また解雇通知は30日前に予告することが通常の解雇では義務付けられており、試用期間内であったとしても変わりありません。ただし30日前通知の代替として解雇予告手当があります。30日前の解雇通知義務を、解雇する人が30日以上働いたとする平均賃金を支払う解雇予告手当に変えることは可能です。

しかし試用期間開始から14日以内であれば、上記の義務は必要ではないと特例があります。

試用期間内の退職について

解雇が試用期間だからと言って容易に出来ないように、退職についての取り扱いも試用期間内であっても特に変わりはありません。

長期雇用を前提としている為、試用期間であっても各種社会保険に企業は採用した人を加入させる義務もあります。給与は試用期間中は減額されている可能性もありますが、既に雇用契約は成立している状態です。

「試用期間だからスグに辞められる」と思われている人もいますが、これは誤解であることが上記のことから分かるでしょうか。
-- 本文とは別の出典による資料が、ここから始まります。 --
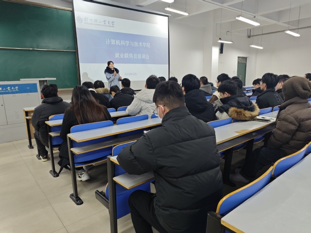 12月25日下午,计算机科学与技术学院在计算机楼118教室召开2024届毕业班就业联络员培训会。学院党委副书记刘放美、就业专职老师、毕业班辅导员以及2024届毕业班班级就业联络员参加了此次培训。

確かに業務の引継ぎを行なう必要や有給休暇も未だ支給が無い場合がほとんどですので、退職までにかかる期間は長期で働いていた人に比べると短いかもしれません。

しかし雇用契約が成立している以上、退職は基本的には会社の就業規則に応じた期間(例えば1か月前など)に申し出る必要があります。労働基準法の観点から見ても2週間前には申し出ることが義務付けられています。従って退職を伝えた日に辞める「即日退職」もトラブルに繋がる危険性があります。

試用期間内の退職と経歴

「経歴にならないうちに試用期間内で退職しよう」と思われる人もいるかもしれませんが、試用期間であっても職務経歴にはなります。長期雇用を前提とし、正社員として入社した事実は試用期間だとしても変わらないのです。
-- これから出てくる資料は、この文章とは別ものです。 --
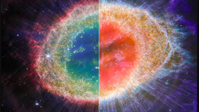 "Gambar menakjubkan dari MIRI James Webb ini mengungkapkan detail baru yang tidak dapat kami amati dengan NIRCam - terutama busur di luar cincin utama," kata Profesor Mike Barlow dari University College London, ilmuwan utama Proyek Nebula Cincin JWST.

ですので、試用期間での退職は履歴書に書かなくて良い、あるいは転職先に伝えなくて良い、というのは誤解です。経歴詐称にあたり、正当な解雇理由に値します。入社後のトラブルを防ぐ為にも必ず転職先に伝えた方が良いでしょう。

経歴を詐称したとしても面接時に見抜かれてしまう可能性が高いと想定されますが、バレずに入社が出来たとしましょう。しかし嘘はどこで判明するか分かりません。

雇用保険に加入していれば保険の履歴に前職の名前が残っています。また雇用保険に加入する前に退職していたとしても、SNSなどネットでの情報が多く出回る現在ではいつどこで経歴詐称が判明してもおかしくは無い状態です。

企業が簡単に試用期間で解雇出来ないことと同じように、経歴上で見ても簡単に退職することは出来ないのです。

転職前に知っておきたい「試用期間」について、まとめ

これまでご紹介してきたように解雇や雇用条件、退職に関してが大きく変更される訳ではなく、試用期間があるからと入社することに不安に感じる必要はありません。

企業もお試しで試用期間を設けてはいないので、あくまでも長期的に雇用していきたいと採用することが前提です。だからこそ採用される側も長期的な目線で入社することを心掛けましょう。

一方で入社後に試用期間内についての考え方でトラブルに繋がってしまうケースも無い訳ではありません。また試用期間内での早期退職をされている人は、経歴上告知する義務があることも忘れずに。正しい知識と入社する企業の考えを把握した上で入社をすることで、早期退職のリスクを防ぐことが出来るでしょう。